══ Material provided

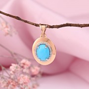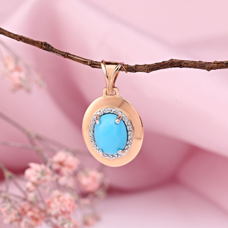 Красивый кулон из белого/красного золота 585 пробы, украшенный циркониями и крупной бирюзой. Если вы хотите подчеркнуть в своей спутнице ее женственность, грацию, улыбку и красоту, то такой подарок как раз для вас.
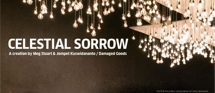 Celestial Sorrow was conceived during times spent together between American contemporary choreographer Meg Stuart and Indonesian visual artist Jompet Kuswidananto in Indonesia, premiered as part of Europalia Festival in Brussels in January 2018 and has been touring internationally since. Departing from possession and implanted fictional traumas, they create a vibrant world of light and movement, inhabited by three performers and two musicians. Together the group embarks on an exploratory journey, moving through imaginary and invisible spaces, and the voices that make them resonate.
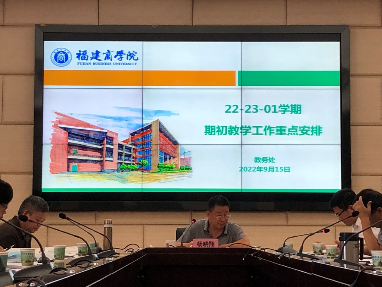 9月15日上午,2022-2023学年第一学期期初教学工作会议在连江校区明德楼视频会议室召开。会议由分管教学副校长杨晓翔主持,教务处、质量监控与评估处、创新创业中心、实验实训中心、图书馆负责人,各二级学院院长、分管教学副院长和科级以上干部,教学实训干事等参加会议。

════

Return to the listing above and set it down exactly, leaving out its pictures.

 Красивый кулон из белого/красного золота 585 пробы, украшенный циркониями и крупной бирюзой. Если вы хотите подчеркнуть в своей спутнице ее женственность, грацию, улыбку и красоту, то такой подарок как раз для вас.
 Celestial Sorrow was conceived during times spent together between American contemporary choreographer Meg Stuart and Indonesian visual artist Jompet Kuswidananto in Indonesia, premiered as part of Europalia Festival in Brussels in January 2018 and has been touring internationally since. Departing from possession and implanted fictional traumas, they create a vibrant world of light and movement, inhabited by three performers and two musicians. Together the group embarks on an exploratory journey, moving through imaginary and invisible spaces, and the voices that make them resonate.
 9月15日上午,2022-2023学年第一学期期初教学工作会议在连江校区明德楼视频会议室召开。会议由分管教学副校长杨晓翔主持,教务处、质量监控与评估处、创新创业中心、实验实训中心、图书馆负责人,各二级学院院长、分管教学副院长和科级以上干部,教学实训干事等参加会议。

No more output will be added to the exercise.